Work task:
Could you copy every record exactly, leaving the pictures behind?

Dataset records:

┄┄┄┄┄┄┄┄┄┄┄┄┄┄┄┄┄┄┄┄

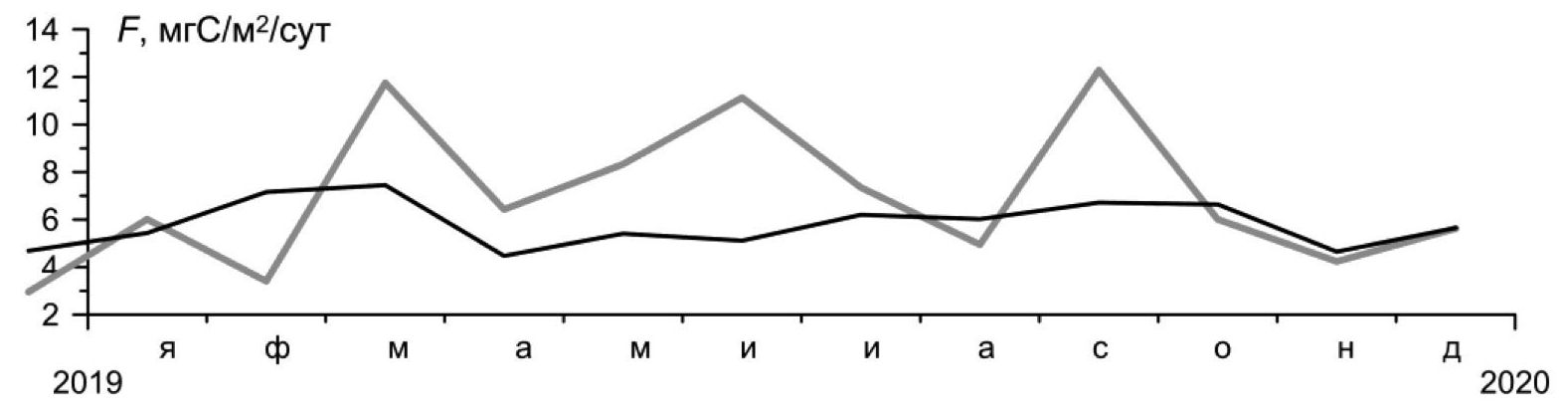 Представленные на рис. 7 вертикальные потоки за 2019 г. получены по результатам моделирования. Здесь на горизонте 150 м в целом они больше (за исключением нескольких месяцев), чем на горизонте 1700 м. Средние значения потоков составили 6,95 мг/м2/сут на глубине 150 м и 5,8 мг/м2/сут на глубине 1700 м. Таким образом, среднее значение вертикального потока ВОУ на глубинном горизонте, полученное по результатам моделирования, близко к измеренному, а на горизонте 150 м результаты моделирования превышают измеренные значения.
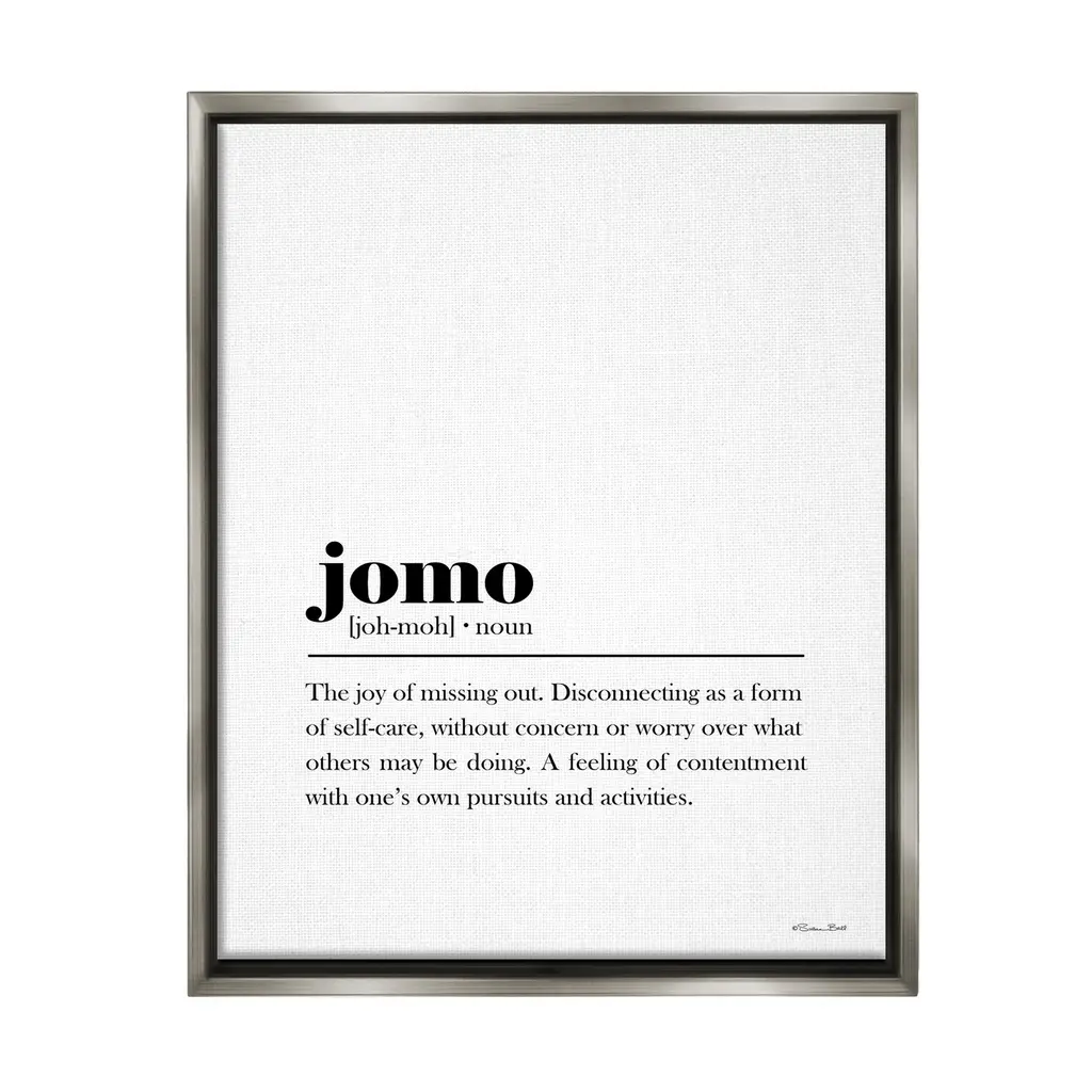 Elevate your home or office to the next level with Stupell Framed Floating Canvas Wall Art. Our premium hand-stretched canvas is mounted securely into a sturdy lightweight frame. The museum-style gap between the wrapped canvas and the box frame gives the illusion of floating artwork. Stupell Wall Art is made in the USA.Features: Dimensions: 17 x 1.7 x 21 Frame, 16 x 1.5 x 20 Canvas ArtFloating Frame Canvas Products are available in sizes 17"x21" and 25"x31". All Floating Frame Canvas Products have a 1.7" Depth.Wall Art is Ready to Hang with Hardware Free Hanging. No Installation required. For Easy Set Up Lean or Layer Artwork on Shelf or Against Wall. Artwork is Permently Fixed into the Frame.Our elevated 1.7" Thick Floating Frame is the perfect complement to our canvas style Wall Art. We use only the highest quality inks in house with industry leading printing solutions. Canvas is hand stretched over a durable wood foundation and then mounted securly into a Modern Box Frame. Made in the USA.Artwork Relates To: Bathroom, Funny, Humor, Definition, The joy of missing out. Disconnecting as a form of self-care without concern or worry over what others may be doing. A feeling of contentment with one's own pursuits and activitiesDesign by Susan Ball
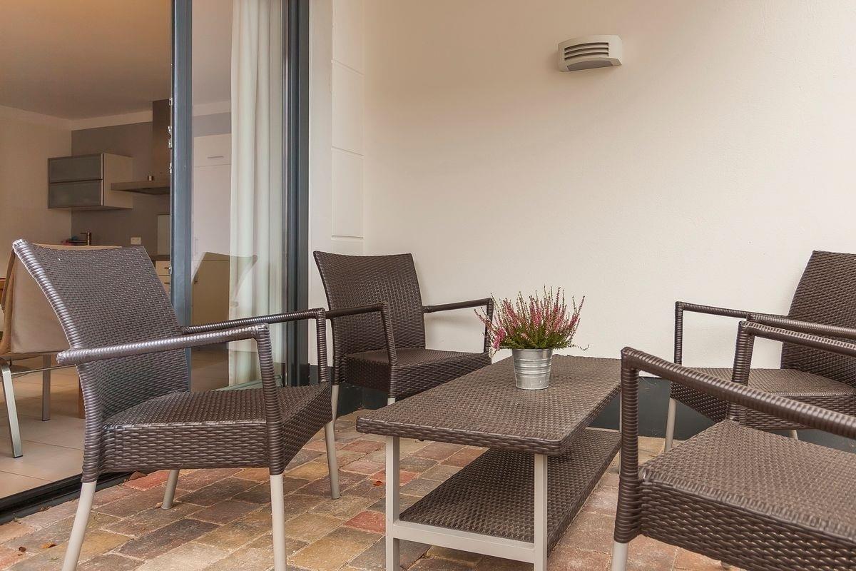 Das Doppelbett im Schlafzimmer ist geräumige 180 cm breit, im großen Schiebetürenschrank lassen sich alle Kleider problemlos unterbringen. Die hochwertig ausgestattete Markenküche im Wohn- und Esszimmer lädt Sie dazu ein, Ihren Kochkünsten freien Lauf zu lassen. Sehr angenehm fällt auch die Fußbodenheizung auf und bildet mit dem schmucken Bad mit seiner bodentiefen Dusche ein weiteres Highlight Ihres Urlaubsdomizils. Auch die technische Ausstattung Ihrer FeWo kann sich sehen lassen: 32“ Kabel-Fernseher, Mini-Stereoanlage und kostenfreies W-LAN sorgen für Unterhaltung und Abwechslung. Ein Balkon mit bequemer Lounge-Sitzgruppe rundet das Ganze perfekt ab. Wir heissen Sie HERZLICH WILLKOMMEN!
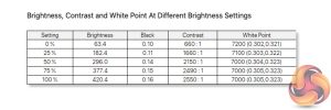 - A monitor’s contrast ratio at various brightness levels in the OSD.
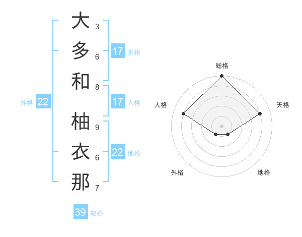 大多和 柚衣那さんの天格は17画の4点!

┄┄┄┄┄┄┄┄┄┄┄┄┄┄┄┄┄┄┄┄

Response area:
 Представленные на рис. 7 вертикальные потоки за 2019 г. получены по результатам моделирования. Здесь на горизонте 150 м в целом они больше (за исключением нескольких месяцев), чем на горизонте 1700 м. Средние значения потоков составили 6,95 мг/м2/сут на глубине 150 м и 5,8 мг/м2/сут на глубине 1700 м. Таким образом, среднее значение вертикального потока ВОУ на глубинном горизонте, полученное по результатам моделирования, близко к измеренному, а на горизонте 150 м результаты моделирования превышают измеренные значения.
 Elevate your home or office to the next level with Stupell Framed Floating Canvas Wall Art. Our premium hand-stretched canvas is mounted securely into a sturdy lightweight frame. The museum-style gap between the wrapped canvas and the box frame gives the illusion of floating artwork. Stupell Wall Art is made in the USA.Features: Dimensions: 17 x 1.7 x 21 Frame, 16 x 1.5 x 20 Canvas ArtFloating Frame Canvas Products are available in sizes 17"x21" and 25"x31". All Floating Frame Canvas Products have a 1.7" Depth.Wall Art is Ready to Hang with Hardware Free Hanging. No Installation required. For Easy Set Up Lean or Layer Artwork on Shelf or Against Wall. Artwork is Permently Fixed into the Frame.Our elevated 1.7" Thick Floating Frame is the perfect complement to our canvas style Wall Art. We use only the highest quality inks in house with industry leading printing solutions. Canvas is hand stretched over a durable wood foundation and then mounted securly into a Modern Box Frame. Made in the USA.Artwork Relates To: Bathroom, Funny, Humor, Definition, The joy of missing out. Disconnecting as a form of self-care without concern or worry over what others may be doing. A feeling of contentment with one's own pursuits and activitiesDesign by Susan Ball
 Das Doppelbett im Schlafzimmer ist geräumige 180 cm breit, im großen Schiebetürenschrank lassen sich alle Kleider problemlos unterbringen. Die hochwertig ausgestattete Markenküche im Wohn- und Esszimmer lädt Sie dazu ein, Ihren Kochkünsten freien Lauf zu lassen. Sehr angenehm fällt auch die Fußbodenheizung auf und bildet mit dem schmucken Bad mit seiner bodentiefen Dusche ein weiteres Highlight Ihres Urlaubsdomizils. Auch die technische Ausstattung Ihrer FeWo kann sich sehen lassen: 32“ Kabel-Fernseher, Mini-Stereoanlage und kostenfreies W-LAN sorgen für Unterhaltung und Abwechslung. Ein Balkon mit bequemer Lounge-Sitzgruppe rundet das Ganze perfekt ab. Wir heissen Sie HERZLICH WILLKOMMEN!
 - A monitor’s contrast ratio at various brightness levels in the OSD.
 大多和 柚衣那さんの天格は17画の4点!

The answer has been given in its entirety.